# katsuramuki with nakiri vs usuba



## slowtyper (Apr 15, 2011)

Now obviously a usuba would be the better knife for this task but for those who have experience with both types of knives, I am wondering how _much_ of a difference it will make. 

Lets say vs using a gyuto.


----------



## echerub (Apr 15, 2011)

I had been practicing katsuramuki with nakiri and gyuto for about a year. I didn't touch my usuba even once during that time partly out of laziness - reaching for what was handiest and what I was already comfortable with - and partly because I figured I was doing alright with my double-beveled knives.

However, when I picked up my usuba just for kicks and katsuramuki'd a daikon one evening, I was pleasantly surprised at how much easier it was to stay thin and consistent all the way through.

There's not much difference, I find, between a nakiri and a gyuto in this role. As some folks say, a nakiri is like a gyuto without the tip and the belly that precedes it. Honestly you could do the same thing with a suji or a petty. It's not so much a matter of the blade size or profile as it is about its geometry. I find that with any double-bevel, you have to concentrate to make sure you keep the sheet thin without breaking through. The usuba, in contrast, just wanted to keep going where it was. I also noticed that I could get move further along with each stroke when using the usuba.

For me, it's a very noticeable difference between the usuba and any of the double-bevels in terms of the ease at which you can katsuramuki and therefore the speed at which you can go. It's also easier to keep the sheet continuous with the usuba, but it's also doable with the double-bevels.


----------



## JBroida (Apr 15, 2011)

echerub said:


> I had been practicing katsuramuki with nakiri and gyuto for about a year. I didn't touch my usuba even once during that time partly out of laziness - reaching for what was handiest and what I was already comfortable with - and partly because I figured I was doing alright with my double-beveled knives.
> 
> However, when I picked up my usuba just for kicks and katsuramuki'd a daikon one evening, I was pleasantly surprised at how much easier it was to stay thin and consistent all the way through.
> 
> ...


 
+1... the difference between nakiri and gyuto (assuming the gyuto is long enough) is small... the difference between those and an usuba is significant.

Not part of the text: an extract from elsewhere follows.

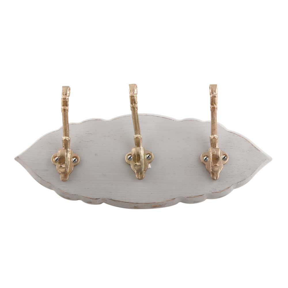 Grey And Golden Small Wall Wooden Iron Hooks. A Perfect Complement to the Soft Tone of the Wood are these White Traditional Hat & Coat Hook Made of Genuine Porcelain and Brass. It can be use to Hang Jewellery, Leashes, Towels, Scarves, Light Weight Sweaters, Caps Etc.

Usuba is much better


----------



## slowtyper (Apr 15, 2011)

Thanks guys, exactly what I wanted to know. What do you guys think about the konosuke fujiyama white#2 Usuba?


----------



## echerub (Apr 15, 2011)

I've only used one usuba thus far, and it's a Yoshihiro so I couldn't really say much about the Konosuke. Jon will have some good input for you but he might want to go through PM's for that


----------